**THE TASK**
Whenever a picture appears, omit it, and set down everything else in the records exactly.

**LISTED ENTRIES**

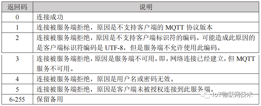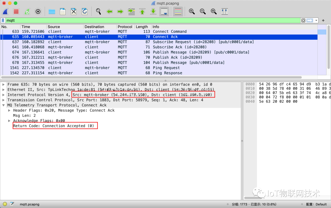 MQTT-Broker 服务器收到终端设备建立连接请求,身份验证通过后,应答CONNACK报文,其中 ReturnCode 为0,如下图。
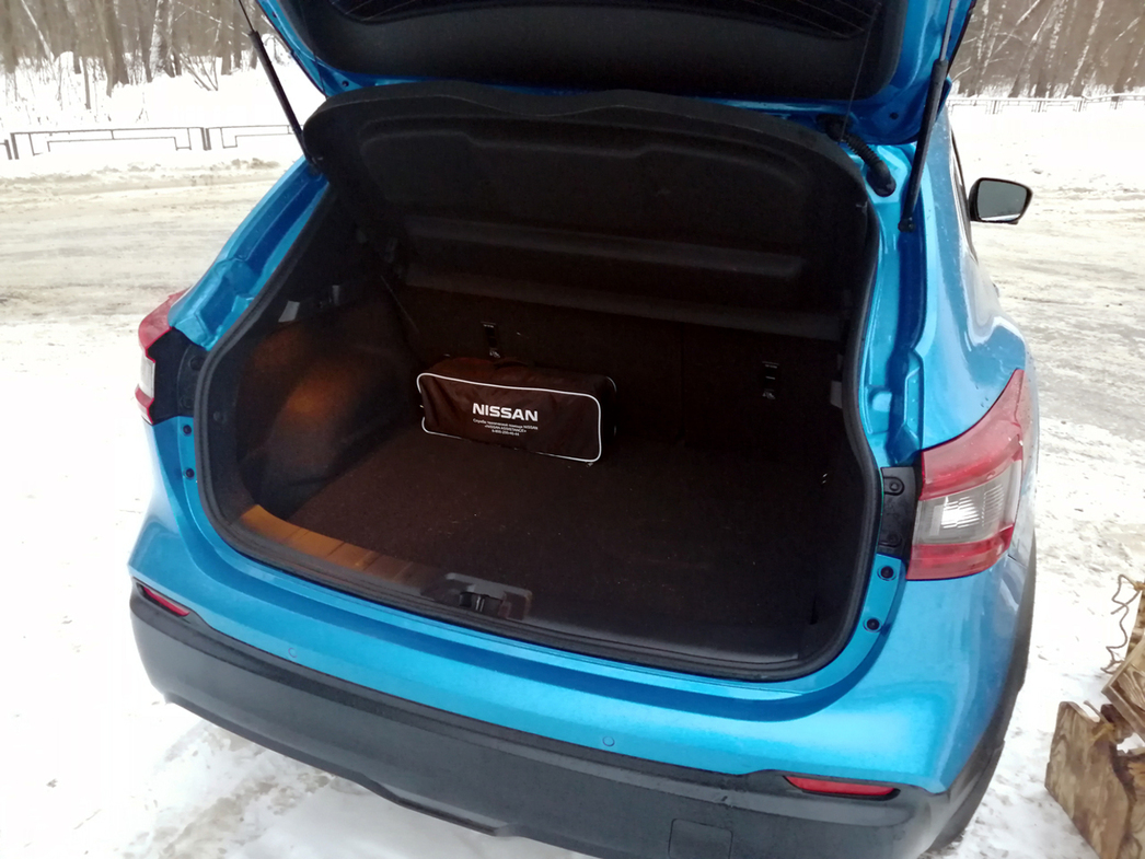 Что ж, места в салоне предостаточно. Но не пошло ли это в ущерб багажному отделению, ведь частенько цена свободы пассажиров — это отсутствие багажника, в который разве что дамская сумочка поместится. В Nissan Qashqai заявленный объем грузового отсека 430 литров. Вроде бы по цифрам много, но на вид все гораздо скромнее. Скажем так, чтобы отправиться в семейное путешествие, вещей придется брать по самому минимуму, поскольку больше двух чемоданчиков и одной дорожной сумки в него — в багажник — едва ли что-то поместится. Хотя, справедливости ради отмечу, что в сравнении с тем же Mitsubishi ASX, у Qashqai «кузовок» однозначно больше.
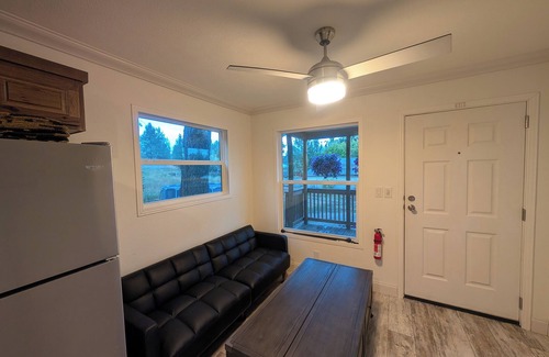 Welcome to your forest-fringed retreat in peaceful Chattaroy, Washington—just 15 minutes north of Spokane and only 7 minutes from the shores of Bear Lake. This thoughtfully designed 1-bedroom tiny home blends cozy comfort with modern convenience. Whether you're here to hike Mt. Spokane, soak in nature, or simply relax under the trees, you'll find everything you need to feel at home. Nestled on a quiet, heavily treed 1-acre lot, this home is one of two private tiny houses thoughtfully spaced for privacy, each with its own parking, porch, and peaceful view. You'll find a private bedroom with a comfortable full-size bed, and a living area with a sofa futon for extra guests. Quality linens and a tranquil setting ensure restful nights. The full kitchen includes a stove, oven, fridge, microwave, dishwasher, coffee maker, cookware, and dining essentials. Heating and air conditioning provide comfort in every season, and the in-unit washer and dryer make extended stays easy. Super Fast Fiber-optic Wi-Fi and a smart TV are perfect for streaming or remote work. Outside, enjoy a private porch for morning coffee or evening stargazing in your private Hot-tub. On-site parking and quick access to Highway 2 make travel easy. Nearby adventures include Bear Lake just 7 minutes away for swimming and kayaking, the Day Mount Spokane Trailhead 10 miles out for hiking, and the Mt. Spokane Ski Park just 30 minutes away. You're also just 33 minutes from Spokane International Airport and 122 miles from the Canadian border. The property is tucked between a quiet residential development and the local fire station, with a horse farm across the road. It offers a peaceful, rural atmosphere with convenient access to nature and city amenities. We’re just a message away during your stay and happy to help with local tips or anything you need. Book your stay today and enjoy a uniquely serene experience in the woods—perfect for couples & solo travelers looking to relax, explore, and recharge.
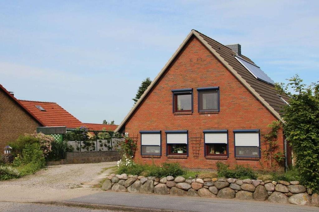 Die Ferienwohnung 3 liegt zu ebener Erde im Nebengebäude auf einem ca. 4800 m² großen Grundstück, wovon über 2.000m² als Spielwiese zur Verfügung stehen. Direkt hinter dem Grundstück verläuft ein ca. 3 Kilometer langer Rundwanderweg entlang der Felder, der sogar zwei Spender für Hundetüten hat. Ferienwohnung 3 (ca. 50m²) Wohnschlafraum, Schlafraum, Küche, teil überdachte Terrasse. Im Wohnschlafraum der Wohnung steht ein hochwertiges Schrankdoppelbett. LCD Flachbildschirm mit Sat-Anschluss. Moderne Einbauküche (Heißluftherd mit Ceranfeld, Wasserkocher, Kaffeemaschine, Geschirrspüler, Mikrowelle, Toaster und Kühlschrank mit 3 Sterne Gefrierfach). Sowohl vom Wohn-/Schlafraum, wie auch vom Schlafraum besteht Zugang auf die teilüberdachte Terrasse.
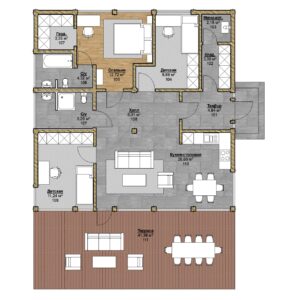Стены из клееного бруса толщиной 160мм (этого вполне достаточно, чтобы сохранить тепловой контур дома). Брус произведен из хвойных пород древесины.
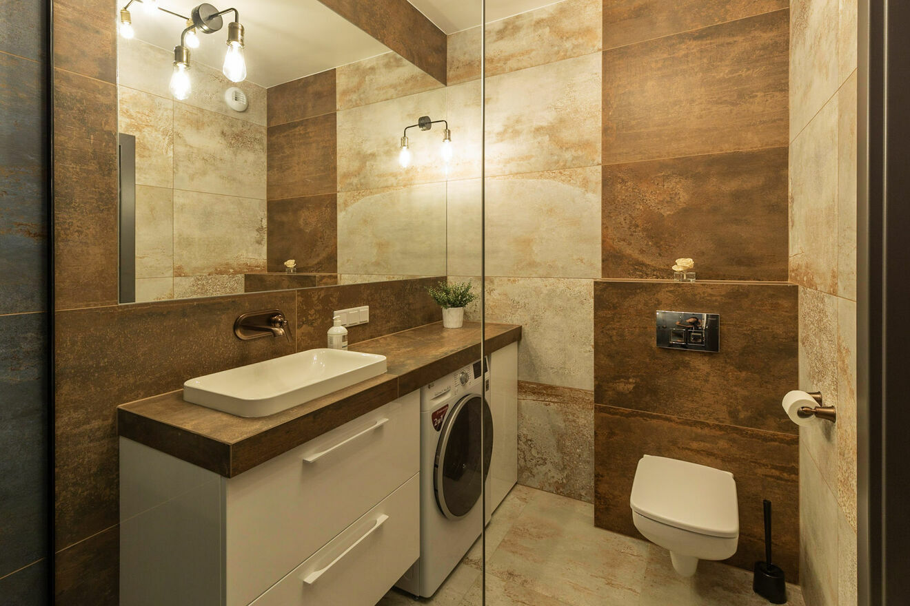 -łazienka: prysznic, WC, duża szafka pod umywalką, pralko-suszarka

**TASK RESPONSE**
 MQTT-Broker 服务器收到终端设备建立连接请求,身份验证通过后,应答CONNACK报文,其中 ReturnCode 为0,如下图。
 Что ж, места в салоне предостаточно. Но не пошло ли это в ущерб багажному отделению, ведь частенько цена свободы пассажиров — это отсутствие багажника, в который разве что дамская сумочка поместится. В Nissan Qashqai заявленный объем грузового отсека 430 литров. Вроде бы по цифрам много, но на вид все гораздо скромнее. Скажем так, чтобы отправиться в семейное путешествие, вещей придется брать по самому минимуму, поскольку больше двух чемоданчиков и одной дорожной сумки в него — в багажник — едва ли что-то поместится. Хотя, справедливости ради отмечу, что в сравнении с тем же Mitsubishi ASX, у Qashqai «кузовок» однозначно больше.
 Welcome to your forest-fringed retreat in peaceful Chattaroy, Washington—just 15 minutes north of Spokane and only 7 minutes from the shores of Bear Lake. This thoughtfully designed 1-bedroom tiny home blends cozy comfort with modern convenience. Whether you're here to hike Mt. Spokane, soak in nature, or simply relax under the trees, you'll find everything you need to feel at home. Nestled on a quiet, heavily treed 1-acre lot, this home is one of two private tiny houses thoughtfully spaced for privacy, each with its own parking, porch, and peaceful view. You'll find a private bedroom with a comfortable full-size bed, and a living area with a sofa futon for extra guests. Quality linens and a tranquil setting ensure restful nights. The full kitchen includes a stove, oven, fridge, microwave, dishwasher, coffee maker, cookware, and dining essentials. Heating and air conditioning provide comfort in every season, and the in-unit washer and dryer make extended stays easy. Super Fast Fiber-optic Wi-Fi and a smart TV are perfect for streaming or remote work. Outside, enjoy a private porch for morning coffee or evening stargazing in your private Hot-tub. On-site parking and quick access to Highway 2 make travel easy. Nearby adventures include Bear Lake just 7 minutes away for swimming and kayaking, the Day Mount Spokane Trailhead 10 miles out for hiking, and the Mt. Spokane Ski Park just 30 minutes away. You're also just 33 minutes from Spokane International Airport and 122 miles from the Canadian border. The property is tucked between a quiet residential development and the local fire station, with a horse farm across the road. It offers a peaceful, rural atmosphere with convenient access to nature and city amenities. We’re just a message away during your stay and happy to help with local tips or anything you need. Book your stay today and enjoy a uniquely serene experience in the woods—perfect for couples & solo travelers looking to relax, explore, and recharge.
 Die Ferienwohnung 3 liegt zu ebener Erde im Nebengebäude auf einem ca. 4800 m² großen Grundstück, wovon über 2.000m² als Spielwiese zur Verfügung stehen. Direkt hinter dem Grundstück verläuft ein ca. 3 Kilometer langer Rundwanderweg entlang der Felder, der sogar zwei Spender für Hundetüten hat. Ferienwohnung 3 (ca. 50m²) Wohnschlafraum, Schlafraum, Küche, teil überdachte Terrasse. Im Wohnschlafraum der Wohnung steht ein hochwertiges Schrankdoppelbett. LCD Flachbildschirm mit Sat-Anschluss. Moderne Einbauküche (Heißluftherd mit Ceranfeld, Wasserkocher, Kaffeemaschine, Geschirrspüler, Mikrowelle, Toaster und Kühlschrank mit 3 Sterne Gefrierfach). Sowohl vom Wohn-/Schlafraum, wie auch vom Schlafraum besteht Zugang auf die teilüberdachte Terrasse.
Стены из клееного бруса толщиной 160мм (этого вполне достаточно, чтобы сохранить тепловой контур дома). Брус произведен из хвойных пород древесины.
 -łazienka: prysznic, WC, duża szafka pod umywalką, pralko-suszarka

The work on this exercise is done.